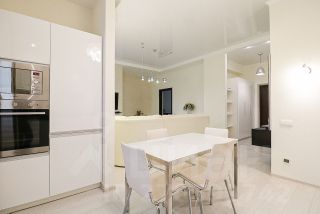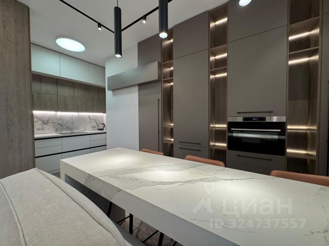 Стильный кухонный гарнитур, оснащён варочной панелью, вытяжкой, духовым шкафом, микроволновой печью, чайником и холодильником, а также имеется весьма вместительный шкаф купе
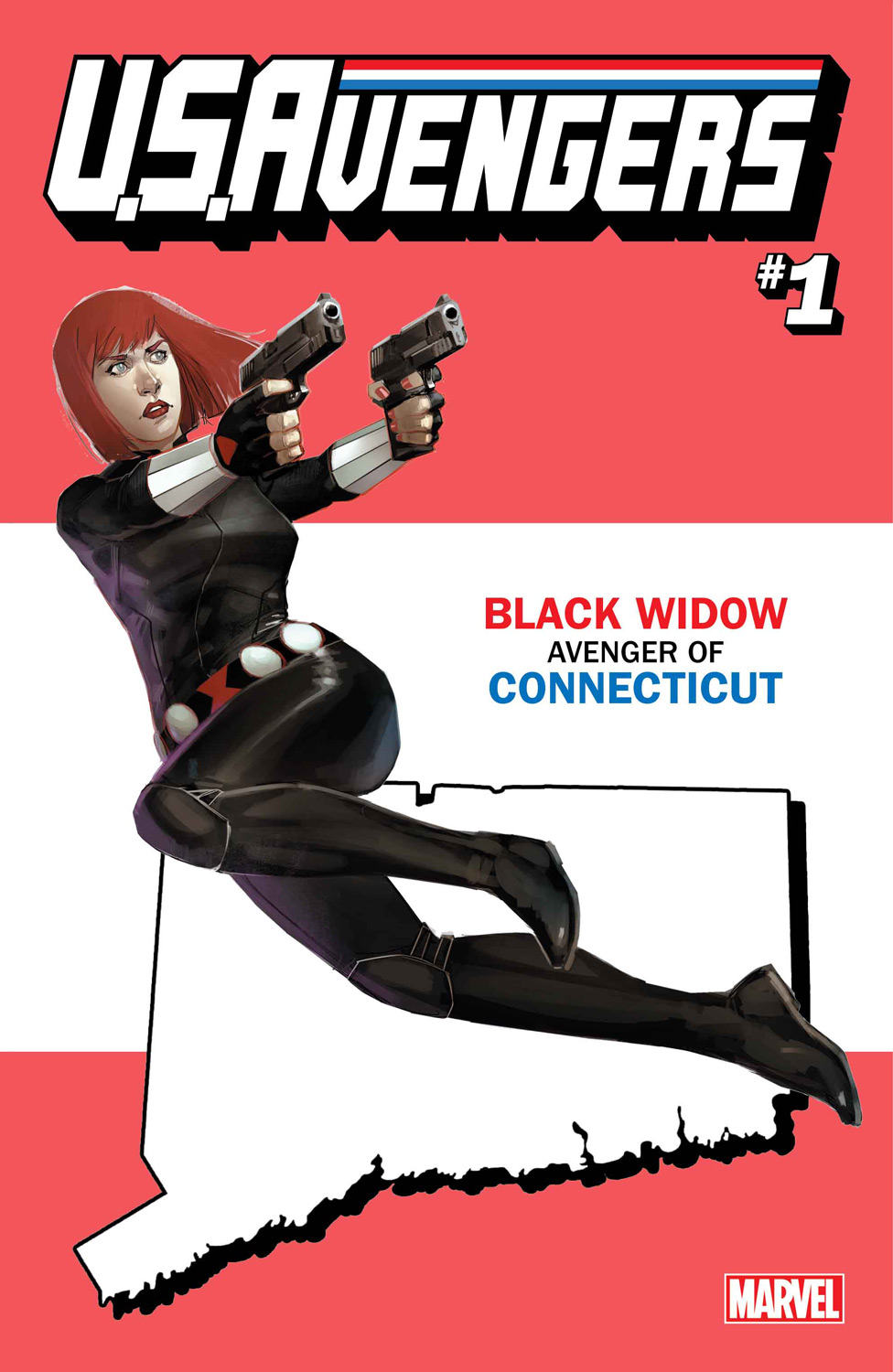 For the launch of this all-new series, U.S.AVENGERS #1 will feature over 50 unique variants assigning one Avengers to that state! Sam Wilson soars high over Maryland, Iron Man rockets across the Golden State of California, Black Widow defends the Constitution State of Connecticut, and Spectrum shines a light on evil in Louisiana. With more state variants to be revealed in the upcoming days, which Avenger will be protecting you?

* * *

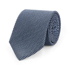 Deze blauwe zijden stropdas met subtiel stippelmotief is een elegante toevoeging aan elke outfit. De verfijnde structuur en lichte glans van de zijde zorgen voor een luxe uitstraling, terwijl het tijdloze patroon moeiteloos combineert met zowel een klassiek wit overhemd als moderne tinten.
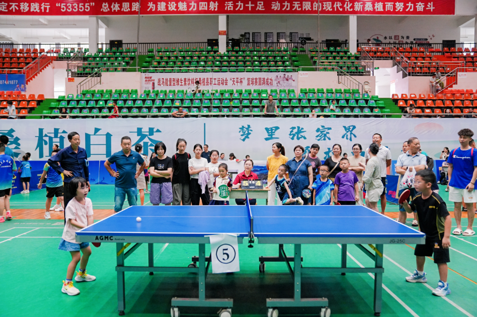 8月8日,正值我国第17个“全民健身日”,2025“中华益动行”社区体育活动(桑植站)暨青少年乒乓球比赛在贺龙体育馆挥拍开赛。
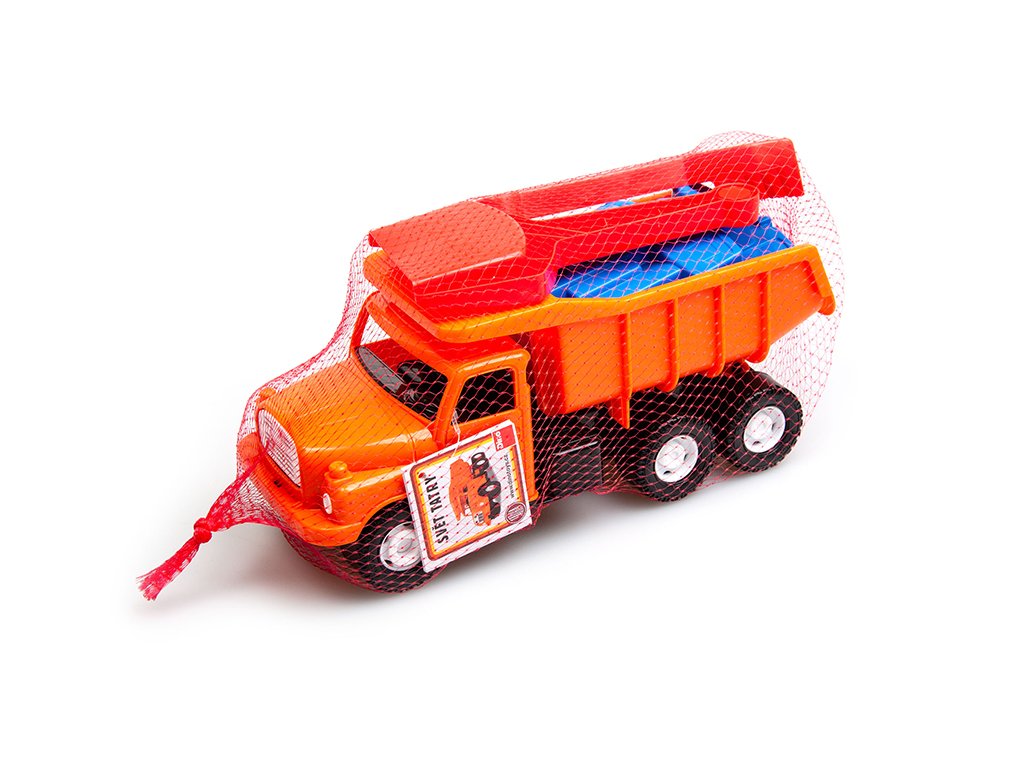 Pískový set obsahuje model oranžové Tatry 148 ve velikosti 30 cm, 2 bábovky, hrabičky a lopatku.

• Task objective:
The answer must be the part of the records that opens with the line containing "Deze blauwe zijden" and closes with the line containing "Pískový set obsahuje", reproduced exactly, with no pictures.

• Written response:
 Deze blauwe zijden stropdas met subtiel stippelmotief is een elegante toevoeging aan elke outfit. De verfijnde structuur en lichte glans van de zijde zorgen voor een luxe uitstraling, terwijl het tijdloze patroon moeiteloos combineert met zowel een klassiek wit overhemd als moderne tinten.
 8月8日,正值我国第17个“全民健身日”,2025“中华益动行”社区体育活动(桑植站)暨青少年乒乓球比赛在贺龙体育馆挥拍开赛。
 Pískový set obsahuje model oranžové Tatry 148 ve velikosti 30 cm, 2 bábovky, hrabičky a lopatku.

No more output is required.